The massive heptagon was now drifting back toward Jupiter at constant velocity. The hexans were apparently hoarding jealously their remaining power, for their wall screens did not flash on at the touch of the visiray. Through unresisting metal the probing Terrestrial beams sped, and the scientists studied minutely every detail of the Vorkulian armament; while the regular observers began to make a detailed photographic survey of every room and compartment of the great fortress. Much of the instrumentation and machinery was familiar, but some of it was so strange that study was useless—days of personal inspection and experiment, perhaps complete dismantling, would be necessary to reveal the secrets hidden within those peculiar mechanisms.
"They're trying to save all the power they can—think I'll make them spend some more," Brandon remarked, and directed against the heptagon a heavy destructive beam. "We don't want them to get back to Jupiter until after we've boarded them and found out everything we want to know. Come here, Quince—what do you make of this?"
Both men stared at the heptagon, frankly puzzled; for the screens of the strange vessel did not radiate, nor did the material of the walls yield under the terrible force of the beam. The destructive ray simply struck that dull green surface and vanished—disappeared without a trace, as a tiny stream of water disappears into a partially-soaked sponge.
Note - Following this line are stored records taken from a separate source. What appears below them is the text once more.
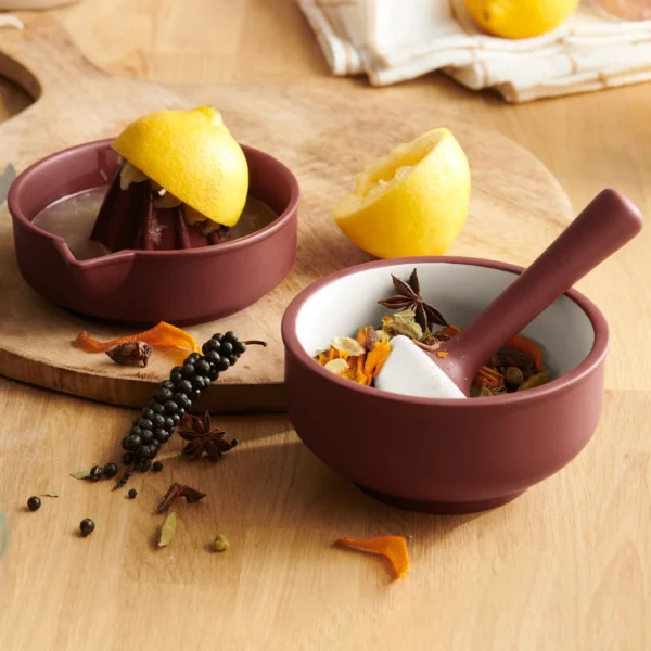 ست کاربردی چیبو شامل هاون، دسته هاون و آبمیوه گیری از جنس چینی با کیفیت بالا است. طراحی آن با قابلیت روی هم قرار گرفتن، باعث صرفه جویی در فضا می شود. سطح داخلی زبر هاون خرد کردن گیاهان، ادویه ها و مواد خشک را آسان تر کرده و آبمیوه گیر پیستونی امکان گرفتن آب انواع مرکبات و میوه را به شکلی سریع و مؤثر فراهم می کند.
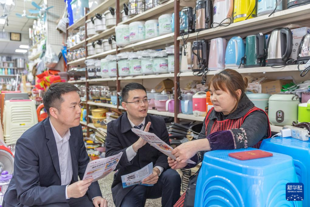 3月14日,华夏银行江北支行的金融网格员詹拓(左)、陈平(中)在观音桥建东综合市场为个体工商户宣讲金融反诈知识。
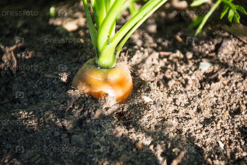 Сырая морковь на грядке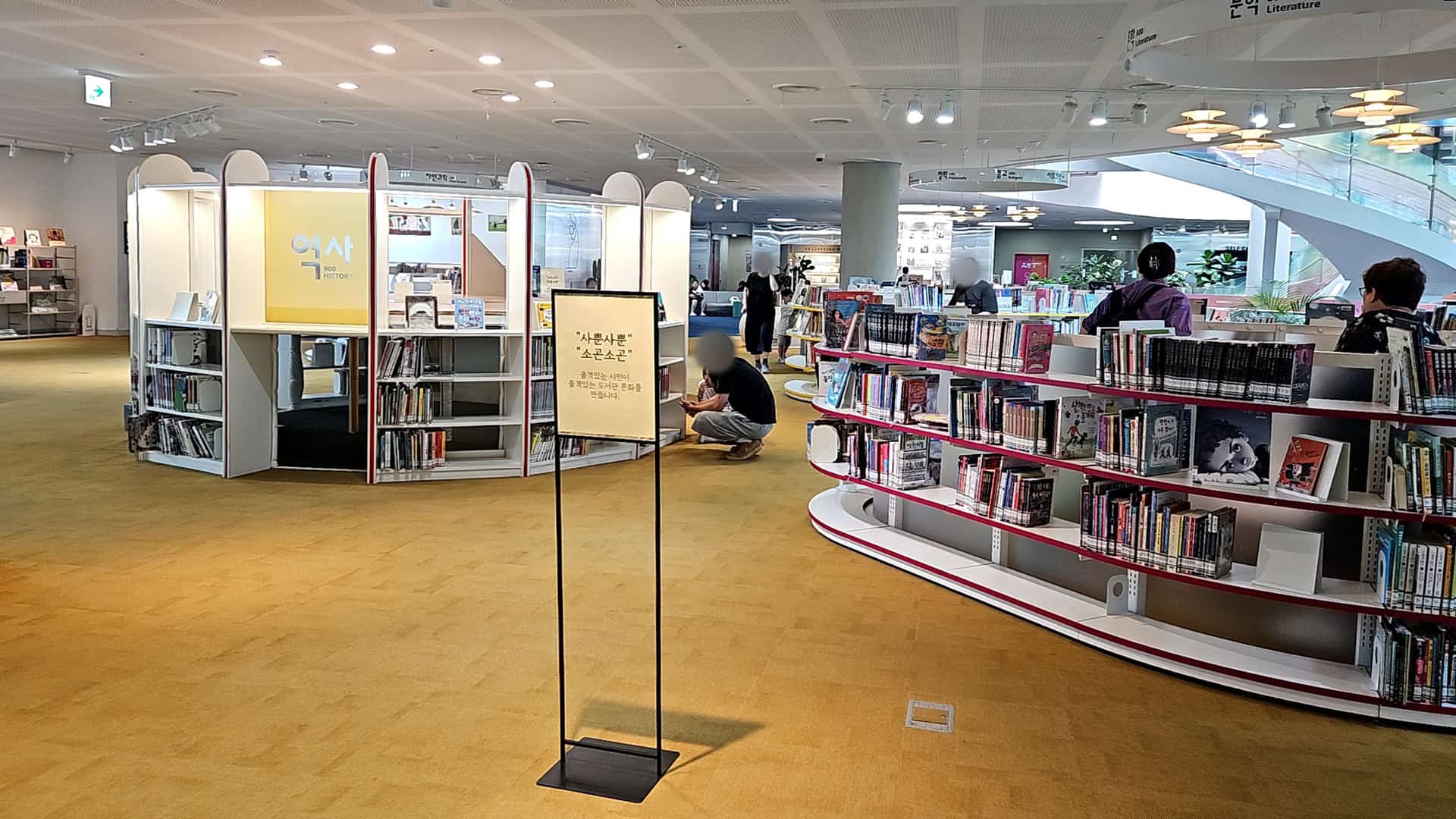 내부로 들어가면 쾌적한 공기와 더불어 도서관 특유의 아늑함이 퍼지는데, 들어서는 순간 더위는 싹 잊혀졌어요. 로비 쪽엔 각종 안내판과 각 층 안내도가 잘 비치돼 있어서 처음 방문한 사람도 전혀 헤매지 않을 거예요.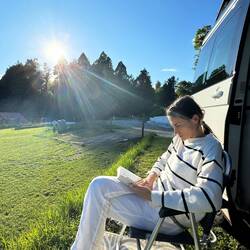 Come a casa, la mattina in van comincia aprendo le tende, per scoprire cosa ci riserva la giornata ☀️ e qualche minuto per stiracchiarsi al calduccio (grazie Vebasto 🙏)

"Do you know what you are doing?" asked Westfall, after a few minutes' thought. "I believe that you are charging their accumulators at the rate of," he glanced at a meter, "exactly thirty-one thousand five hundred kilofranks."
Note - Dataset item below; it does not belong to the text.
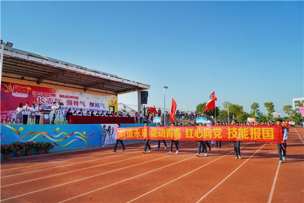 操場(chǎng)上彩旗招展,伴隨著激昂的運(yùn)動(dòng)員進(jìn)行曲,國(guó)旗護(hù)衛(wèi)隊(duì)、校旗護(hù)衛(wèi)隊(duì)、運(yùn)動(dòng)會(huì)會(huì)徽、彩旗方陣,裁判員方陣依次入場(chǎng)。由相同專業(yè)組合成的25個(gè)方陣穿上統(tǒng)一的服裝,排著整齊的隊(duì)伍,邁著矯健的步伐,英姿颯爽、神采飛揚(yáng),意氣風(fēng)發(fā)的走向主席臺(tái)接受檢閱。各方陣都在嘹亮的口號(hào)之后,結(jié)合專業(yè)建設(shè)進(jìn)行了主題鮮明、獨(dú)具匠心的才藝表演。節(jié)目形式多樣、精彩紛呈,有詩朗誦、有歌曲、有舞蹈、有情景劇、有舞獅……同學(xué)們用不同的形式展示專業(yè)技能、專業(yè)特色文化,充分體現(xiàn)了學(xué)生們的朝氣、斗志、團(tuán)結(jié)。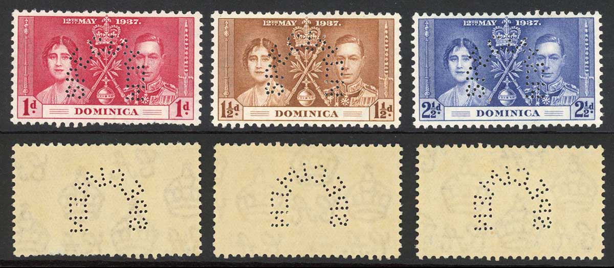 Dominica SG96s/8s Coronation Set PERF SPECIMEN M/M Cat 100 pounds

"Great Cat!" Brandon's hand flashed to a switch and the beam expired. "But they can't just simply grab it and store it, Quince—it's impossible!"
"The word 'impossible' in that connection, coming from you, has a queer sound," Westfall said pointedly and Brandon actually blushed.
"That's right, too—we have got pretty much the same idea in our cosmic intake fields, but we didn't carry things half as far as they have done. Huh! They're flashing us again ... but those thin little beams don't mean anything. They're just trying to make us feed them some more, I guess. But we've got to hold them back some way—wonder if they can absorb a tractor field?"
The hexans had lashed out a few times with their lighter weapons, but, finding the Sirius unresponsive, had soon shut them off and were stolidly plunging along toward Jupiter. Brandon flung out a tractor rod and threw the mass of his cruiser upon it as it locked into those sullen green walls. But as soon as the enemy felt its drag, their screens flared white, and the massive Terrestrial space-ship quivered in every member as that terrific cable of force was snapped.
"They apparently cannot store up the energy of a tractor," commented Westfall, "but you will observe that they have no difficulty in radiating when they care to."
"Those two ideas didn't pan out so heavy. There's lots of things not tried yet, though. Our next best bet is to get around in front of him and push back. If they wiggle away from more than fifty percent of a pressor, they're really good."
The pilot maneuvered the Sirius into line, directly between Jupiter and the pentagon; and as the driving projectors went into action, Brandon drove a mighty pressor field along their axis, squarely into the center of mass of the Vorkulian fortress. For a moment it held solidly, then, as the screens of the enemy went into action, it rebounded and glanced off in sparkling, cascading torrents.